Reliable Mobile Robot Localization
S. I. Roumeliotis
The basic idea behind many mobile robot localization techniques is to combine sensor data with a priori knowledge about the environment the robot travels in.
For example it is often assumed that a detailed map of the area is known. Thus, the problem of identifying the position of the robot is the problem of finding an area within the map such that the expected input from the sensors is at all times in accordance with the actual readings.
Many mobile robot applications depend on the ability of the robot to localize using sparse and many times uncertain information from the environment concerning its position. For example, fusion of odometric and/or inertial sensors with exteroceptive sensors has received significant attention in the past two decades.
The techniques mostly used to process sensor data from different sources are Kalman filtering and Bayesian estimation suitable for position tracking and hypothesis testing respectively.
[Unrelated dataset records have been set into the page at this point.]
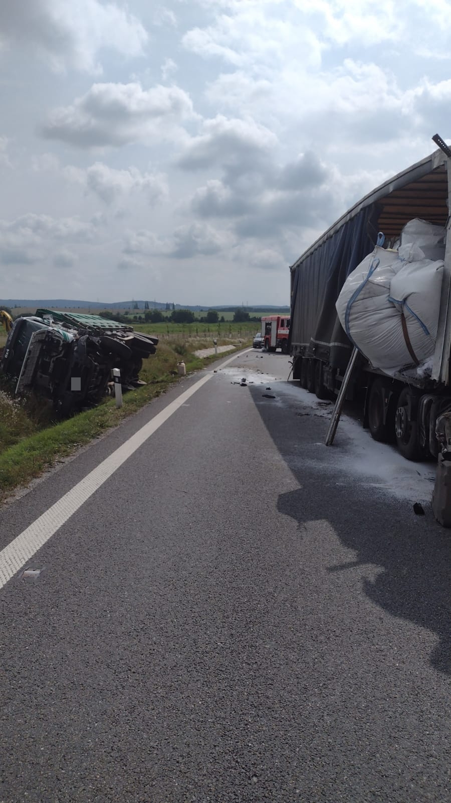 Náklaďák skončil v Tlumačově na boku v příkopě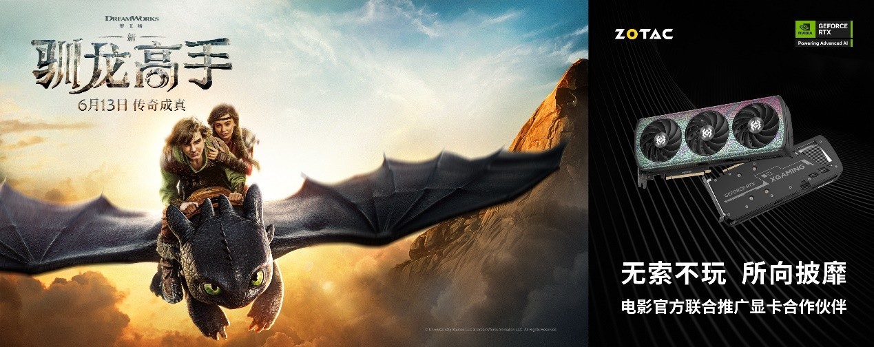 索泰秉承着“突破极限”的技术创新和“追求卓越”的产品理念,长期致力于为全球玩家和专业用户带来全新的游戏、创作及AI体验。本次索泰与《新·驯龙高手》进行联合推广合作,特别推出索泰GeForceRTX 50 XGAMINGBLACK系列,以出众的外观、别致的“五彩斑斓黑”设计、强劲的性能,与小嗝嗝和没牙仔并肩作战的英勇之姿相呼应,释放内心的力量,翱翔天际!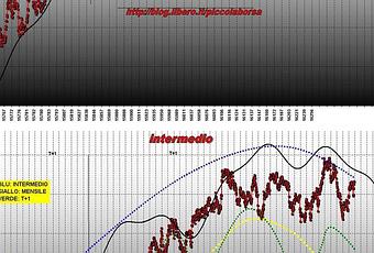 Si rimane sempre nell'incertezza sull'attuale collocazione dell'indice nel periodo intermedio. Inserisco ulteriori due battleplan . Il primo riprende l'ipotesi del 6 marzo , il secondo una nuova ipotesi che prevederebbe un ciclo intermedio complessivamente piu' corto ma con un t+1 in piu'. In entrambe i casi saremmo o staremmo entrando nella fase di maggiore debolezza del ciclo.

There have been few examples of the combination of these two methods. In these cases it is assumed that either the motion tracking sensors are perfect or the exteroceptive sensors are capable of extracting a detailed and precise layout of the surroundings.
A general framework that
subsumes both approaches in a single architecture and exploits noisy
kinetic information in order to reduce the uncertainty associated with
the presence or absence of coarse, reappearing features of the
environment is within the focus of the proposed study.
Error
state formulation of the underlying Kalman filter based on sensor
modeling is mostly appropriate for the localization task.
Restructuring of the exact framework provides for multiple model
adaptive estimation.
Full state formulation of the Kalman filter
based on simple kinematic modeling is used for the fault detection and
identification task.
The intermittent nature of the externally provided or extracted absolute
attitude and/or positioning information imposes the system being observable
only at certain time instants.
This limitation restricts the potential autonomy of a robot and causes
the loss of precious information whenever real-time filtering is involved.
Smoothing of the attitude estimates reduces the overall uncertainty
and allows for longer traverses before a new orientation measurement is
reqpiuired.
Similar post-processing of the position estimates supports reconstruction
of a robot's trajectory and increases the accuracy level during mapping
tasks.
Finally, the formulation and treatement of the cooperative multiple robot localization problem is to be examined in this investigation.